Different drive systems explained
Find out why it's not just the motor that counts and what drive systems are being used at SIMPLON. Read the article now!
Drive systems used at SIMPLON
The more powerful the motor of an e-bike, the better – but is that really true? More watts or more Newton metres don’t always mean that the motor also delivers better performance.
In the SIMPLON Magazine, you’ll find out why it’s no longer just the power of the motor that matters, but rather the overall setup. We’ll also tell you more about the different drive technologies.
What matters is the power ...
That’s a belief that many people consider a fact. If you look for the power in the description of an e-bike motor, you have to look for the wattage or the so-called nominal power. By law, the maximum average power output is 250 watts over a period of 30 minutes. However, during acceleration phases, for example when starting off, the engine briefly delivers significantly higher power. The driving force of the engine is indicated by the torque in Newton meters (Nm).
And yet, the performance of an e-bike motor is only as good as its overall concept, i.e. the interplay of battery, integration, power, and intended use.
6 factors that influence the performance of an e-bike
It is not only the power that determines whether you leave your fellow riders in the dust. The following factors influence the performance of an e-bike just as much as the motor itself:
1. Integration possibilities
The type of integration is the primary factor that influences the visual appearance of your e-bike. A few years ago, e-bikes were still recognisable as such at first glance. Today, the motor is hidden in the frame, and the battery is harmoniously integrated into the down tube.
A perfect example of discreetly integrated e-bike components is the Inissio Pmax gravel e-bike. Especially worth mentioning: Even the sound of the motor can only be heard if you listen very closely. Read how the powerful gravel e-bike regularly amazes other road cyclists in Julian Gessenauer's experience report.
What do the ergonomics of your bike have to do with the e-bike motor? A lot – because the location of the drive unit determines the bike’s centre of gravity. If you compare mid-drive and rear-hub motors, the former definitely win the race in terms of weight distribution. Their position at the crank ensures a central and balanced centre of gravity and thus agile handling.

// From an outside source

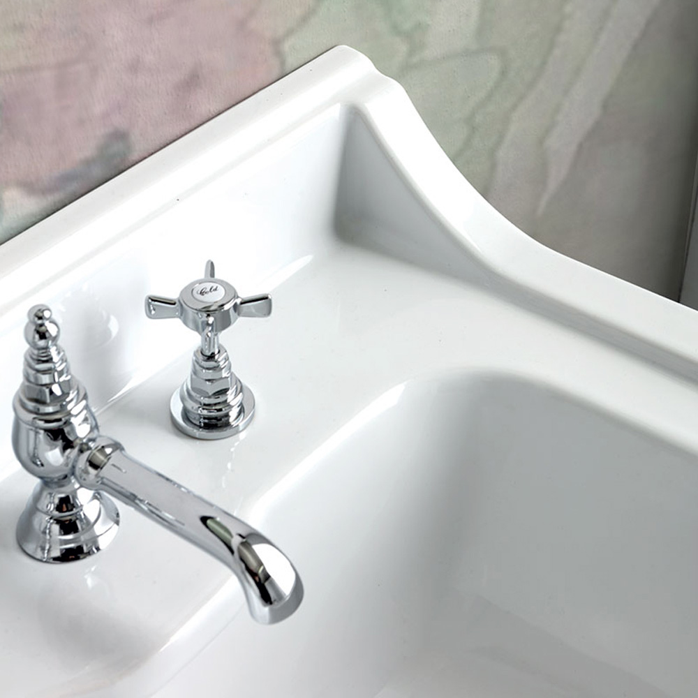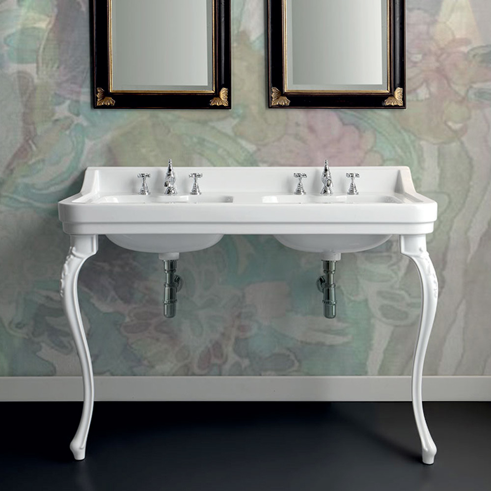Console washbasin with double basin in glossy white ceramic made through a 100% Made in Italy artisanal production . Classic and simple shapes outline the delicate figure of a piece of furniture designed to enrich the bathroom area through a careful search for elements with a strong refined personality . Its aesthetic brings to mind a style of the past that fits perfectly both with classic spaces in which it creates a wonderful harmony of styles and in environments with modern furnishings within which it builds an unusual contrast for a creative and original .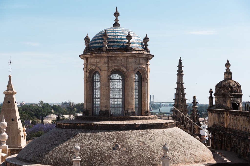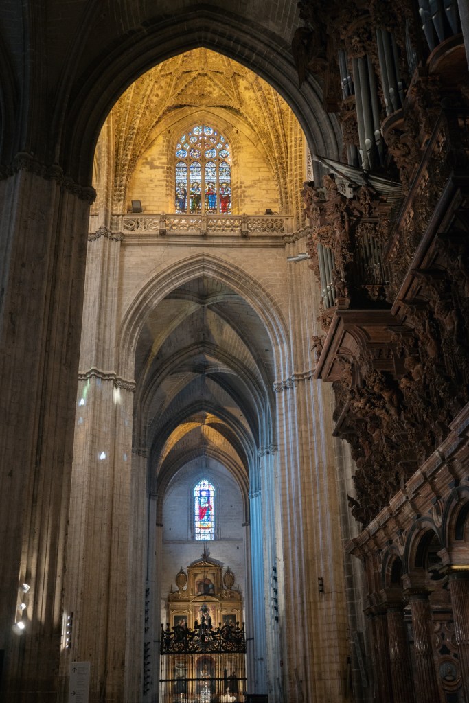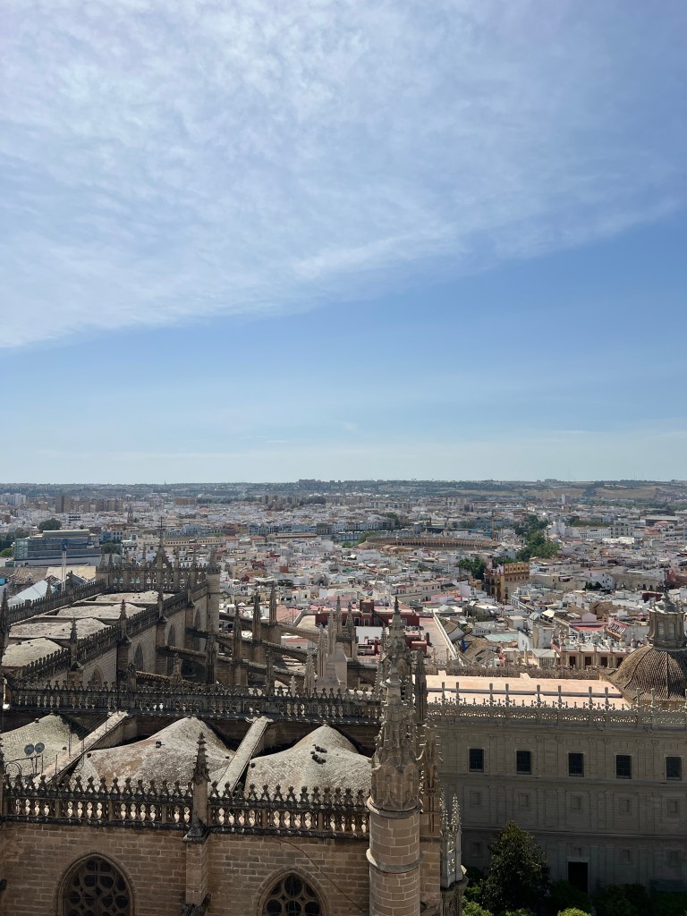 We also encountered the Catedral de Sevilla and had a great time walking up the Torre Geralda. Do you know what’s interesting about this tower? It has a ramp the whole way up. 35 separate ramps apparently. When quizzed about this and why it was, we were able to come up with many suggestions but none of them correct. It is, in actual fact, because with a ramp, you can ride a horse up to the top. There are a few different suggestions as to why this was needed, and from what I can gather, it’s either because the sultan wanted to be able to access a good view very quickly, or it could be so that the the muezzin could ride a horse to the top to recite the call to prayer. Either way, it’s well worth the trip into the cathedral, which is an awe-inspiring construction in and of itself, as well as the slog up the tower to see the views from the top. (Note, if you’re planning on visiting, it’s a good idea to book in advance!)

You can find out more about the differences between mid-drive and rear-hub motors in the article “Mid- vs. rear-hub motors for e-bikes ”.
3. The battery
It's a match: On an e-bike, the motor rarely comes alone because, without a battery, it would not be possible to get the drive unit going at all. As a general rule: The more power the motor has, the bigger the battery needs to be. So, when choosing a battery, it is important to always consider how it’ll perform in combination with the motor.
Other criteria relevant for this decision are the duration of your ride and the charging infrastructure. A standard battery suffices in most cases. However, if you ride in more powerful support modes (for instance, boost or eMTB riding modes), the battery loses power much faster. That’s why it makes sense to use a modular system such as the Bosch DualBattery system on longer day tours with a lot of vertical gain. With regard to the charging infrastructure, a distinction is made between permanently installed and removable batteries.
4. Customisation options
Customisation, in this case, refers to the motor setup. Numerous parameters can be individually adjusted to the needs of the rider. In most cases, there are preset riding modes that focus on either battery saving or fast acceleration.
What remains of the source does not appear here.